Hola a todos, creo que necesito ayuda urgente : 
necesito mezclar  dos o mas microfonos junto con un auxiliar para llevarlos hacia una amplificacion pero no tengo tiempo de crear un mixer para mezclarlos , alguien sabe como hacerlo sin el mixer, es decir solo con resistores,filtros ò capacitores- condensadores...
de verdad lo necesito


----------



## pandacba (Ago 8, 2011)




----------



## pandacba (Ago 14, 2011)

No tiene sentido en este caso, ya que la entrada del equipo tiene su propio capacitor, lo unico que se lograria es restringir aún más la banda pasante, si en la salida pones un capacitor este quedara en serie con el de la entrada,, con lo cual su resistencia capacitva XC sera mayor y obvio el valor de C sera 1/c=1/C1+1/C2

Por lo tanto para la presente aplicación exprofeso no tiene capactiores


----------



## BKAR (Ago 14, 2011)

Algun Transistor estaria bien?
Un Simple mesclador con Opamp la verdad en mi opinion seria mucho mejor


----------



## Fogonazo (Ago 14, 2011)

La idea de mezclar en forma directa un  micrófono con una señal de línea es *Mala*. Se está combinando una señal con otra 100 veces mayor, o menor, según como se vea.

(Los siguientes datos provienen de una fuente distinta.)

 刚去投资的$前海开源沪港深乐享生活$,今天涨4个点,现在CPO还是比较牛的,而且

Para lograr un balance aceptable habría que dividir por 100 la señal de línea para poder mezclar a un nivel similar a la del micrófono y luego re-amplificar todo.

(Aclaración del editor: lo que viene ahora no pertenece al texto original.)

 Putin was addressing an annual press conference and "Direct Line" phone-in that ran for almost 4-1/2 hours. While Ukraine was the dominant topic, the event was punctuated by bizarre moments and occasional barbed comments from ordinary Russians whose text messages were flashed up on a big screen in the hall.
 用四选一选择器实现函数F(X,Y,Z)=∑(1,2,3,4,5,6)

Al mezclar se pierde automáticamente el 50% de la señal, lo que en el caso del micrófono equivale a perder un 50% de los preciados mV que entrega.


----------



## tinchusbest (Ago 15, 2011)

si se amplifica la entrada y despues se mezcla,no se perderia tanta señal,en cada entrada un pre amplificador con un transistor y despues usar un transistor para mezclar o un amplificador operacional no seria la solucion????
creo que si solo usamos ese transistor de pre y a la entrada de audio no le colocamos nada,se equilibraria????


----------



## pandacba (Ago 15, 2011)

Lo diciho por fogonzo es tal cual, si se suman señales de muy difertnte magnitud,
Pero en el caso particular el forista pidio mezclar dos micrófonos, en fomra pasiva, el esquema propuesto cumple con esos requisitos, y solo sirve para ese tipo de casos, cuaando las señales son muy diferentes hay que nivelarlas previamentem para que el resultado de la mezcla resulte homogeneo y no se pierda o diluy aglunas de las señales

De echo en cualquier mezcaldor si no se homo genizan los niveles de las señales, el resultado sera malo

De echo muchos amplificadores tienen una mezcla pasiva para micrófonos, para guitarras.

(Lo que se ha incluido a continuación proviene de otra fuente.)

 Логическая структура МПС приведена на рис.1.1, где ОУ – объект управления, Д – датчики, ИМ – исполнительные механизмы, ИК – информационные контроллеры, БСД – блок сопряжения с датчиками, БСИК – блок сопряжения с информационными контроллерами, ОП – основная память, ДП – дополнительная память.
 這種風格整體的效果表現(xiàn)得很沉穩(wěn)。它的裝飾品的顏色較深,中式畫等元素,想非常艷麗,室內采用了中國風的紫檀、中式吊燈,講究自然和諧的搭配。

De eco un mezclador que se precie tiene entradas para bajo nivle y para alto nivel y los medio necesarios para compensar grandes diferencias


----------



## BKAR (Ago 15, 2011)

Creo que tu duda esta mas problema esta mas que resuelto , ya con las respuestas...
-pasivo
ventaja:no exite otra cosa mas simple y facil
desventajaierdes una parte valiosa de las señales, si bien ambas están mezcladas y a la ves atenuadas
-activo
ventajas:la señales de entrada salen con al misma intensidad incluso podrían amplificarse
desventajas:sean transistores o Opamps, necesitan mínimo una fuente simétrica,sin contar con el ruido inducido por el mismo componente (bueno si bien esto podria decir que es despreciable), bueno ese ya es otro parámetro   
en si para que necesitas el mixer, en que lo vas a emplear?


----------



## pandacba (Ago 15, 2011)

Backar no estas leyendo bien, muy clarito dijo fogonazo cuando se trata dos señales de difertnet magnitud ocurre eso, y eso es asi por la forma en que se domportan las señales en la suma, pero si son de magnitudes similares como dos microfonos donde esta la perdida?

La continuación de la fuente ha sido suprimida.